Martinelli Winery Vellutini Ranch Zinfandel 2020 ($62). Wild fires in the Russian River Valley killed the producer’s pinot noir crop, but the thicker-skinned zinfandel grapes were able to mature on schedule without any smoke taint. This has ripe raspberry and maple aromas followed by juicy and sweet berry flavors with a hint of spice and solid tannins. Very mouth filling to taste by itself, but it deserves a rack of ribs, lamb or slathered beef kababs.
Bacigalupi Vineyards Petite Sirah 2019 ($58). Big wine with good tannins but tasting well now. Raspberry and blackberry flavors with rosemary notes and a generously long finish. There is a nice earthiness to this boldly flavored wine and hints of black pepper and tea.
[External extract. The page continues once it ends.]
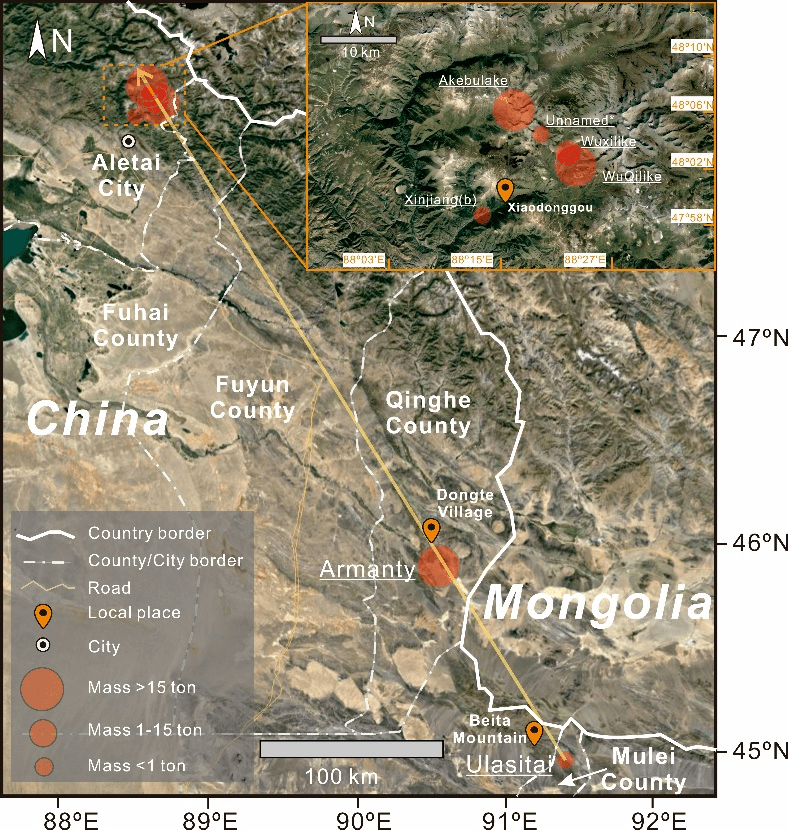 China has successively discovered the meteorite irons at a weight of 28 tonnes, 23 tonnes, 18 tonnes, five tonnes and 0.43 tonnes in Altay. The massive Altay irons were found to comprise the longest known strewn field of about 430 kilometers.

Taft Street Winery Garagistes Sauvignon Blanc 2022 ($30). Honeysuckle aromas with stone fruit flavors and crisp acidity.
Merriam Vineyards Windacre Vineyard Cabernet Sauvignon 2018 ($60). This vineyard is at the core of the red-wine lineup from this reputable and dependable producer, but we enjoyed the cabernet sauvignon. It has cassis, raspberry and black cherry flavors with excellent body and depth.
Presqu’ile Santa Barbara Pinot Noir 2020 ($31). We found this pinot pleasantly different than a lot of pinot noirs. The flavors are more like bing cherries rather than the black cherries we often find in California pinot noirs. Good price for a Santa Barbara pinot noir.
C.K. Mondavi Family Select California Sauvignon Blanc 2019 ($16). With several of the fourth-generation family members steering this historic property, the products are always solid but not necessarily from specific vineyards. They draw grapes for this wine from Lodi, Yolo and Napa Valley. A good value and very approachable, it is juicy with ripe plum and cherry notes with a hint of vanilla.
Famiglia Pasqua Passimento Rosso Veneto 2020 ($17). A blend of merlot, corvina and croatina grapes, this delicious wine has vibrant cherry and plum notes with a tad of spice and an appassimento-style almond finish. Easy to drink, it’s a nice match to pasta, pizza and grilled meat.
Trapiche Oak Cask Malbec 2021 ($13). A versatile wine from Argentina, this malbec has smooth tannins and plum/blackberry flavors with a dose of spice. Simple but delicious.